- _DIRECTIONS FOR THIS TASK_: Each line below from the "[↑前グラフ]: | CPU主要製品(最安値1万円~2万円未満)の最安値推移 |" line through the "When starting an" line, those two included, must be restated word for word; the pictures must not be.

- _DATASET CONTENT_:
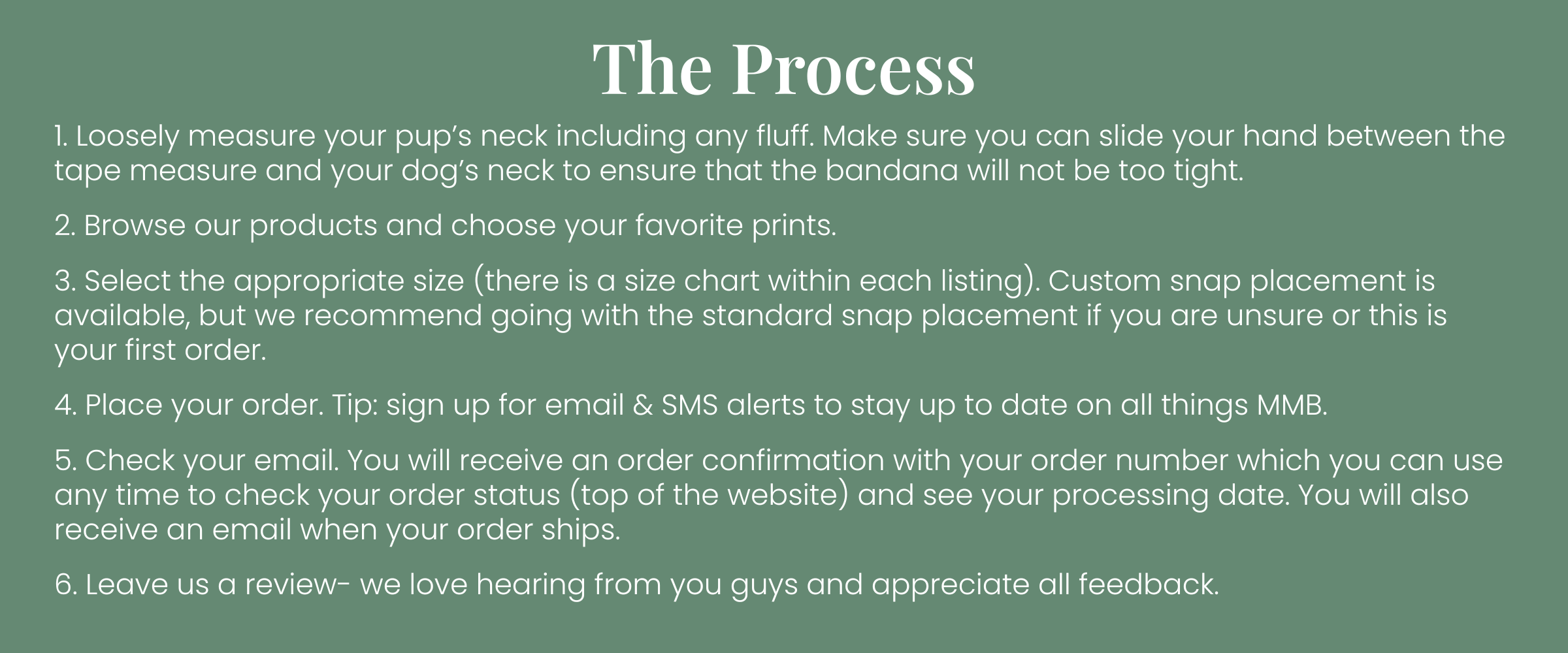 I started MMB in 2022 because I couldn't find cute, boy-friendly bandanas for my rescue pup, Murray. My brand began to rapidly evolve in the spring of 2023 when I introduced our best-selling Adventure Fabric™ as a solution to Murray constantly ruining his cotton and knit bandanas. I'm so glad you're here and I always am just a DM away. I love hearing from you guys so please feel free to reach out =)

...

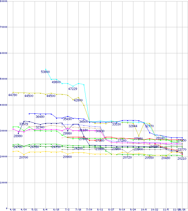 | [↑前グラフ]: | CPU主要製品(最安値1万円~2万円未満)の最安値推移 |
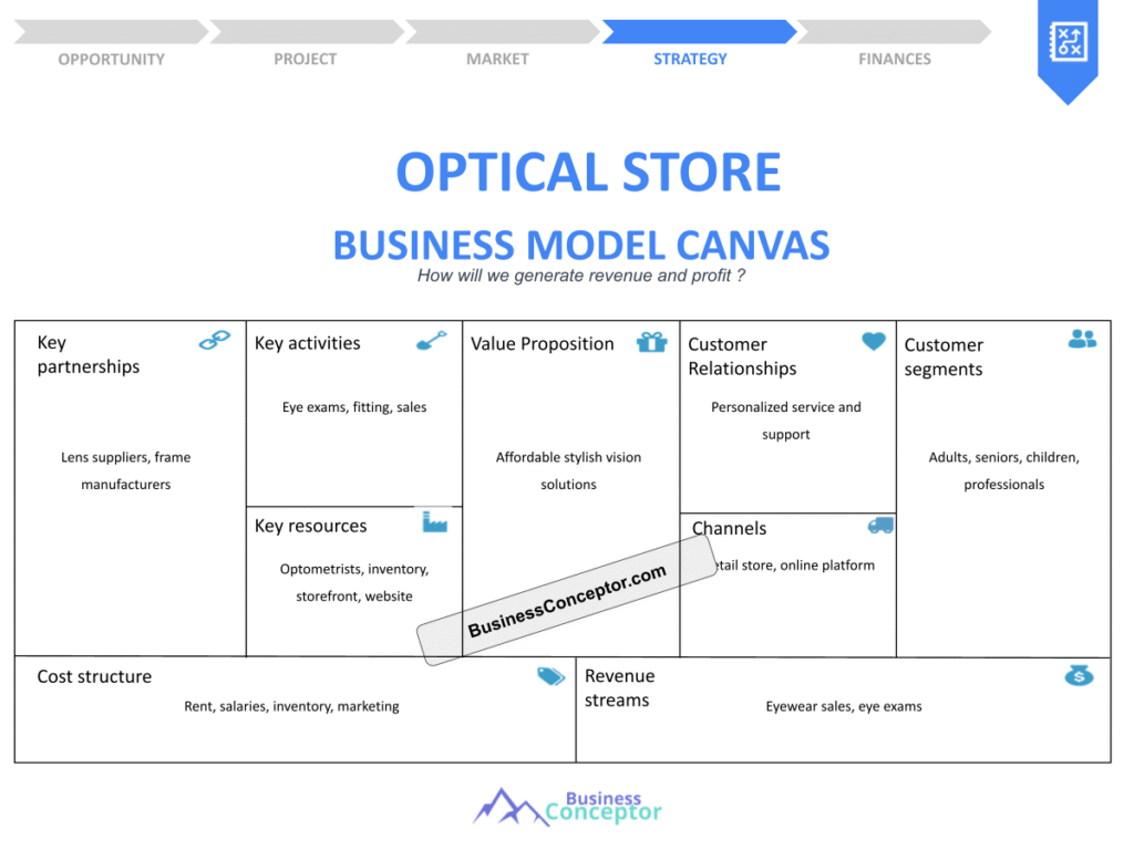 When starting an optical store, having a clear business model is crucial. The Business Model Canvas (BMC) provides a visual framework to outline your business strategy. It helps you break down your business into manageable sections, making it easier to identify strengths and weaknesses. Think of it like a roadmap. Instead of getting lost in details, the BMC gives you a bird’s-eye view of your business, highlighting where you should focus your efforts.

- _WRITTEN REPLY_:
 | [↑前グラフ]: | CPU主要製品(最安値1万円~2万円未満)の最安値推移 |
 When starting an optical store, having a clear business model is crucial. The Business Model Canvas (BMC) provides a visual framework to outline your business strategy. It helps you break down your business into manageable sections, making it easier to identify strengths and weaknesses. Think of it like a roadmap. Instead of getting lost in details, the BMC gives you a bird’s-eye view of your business, highlighting where you should focus your efforts.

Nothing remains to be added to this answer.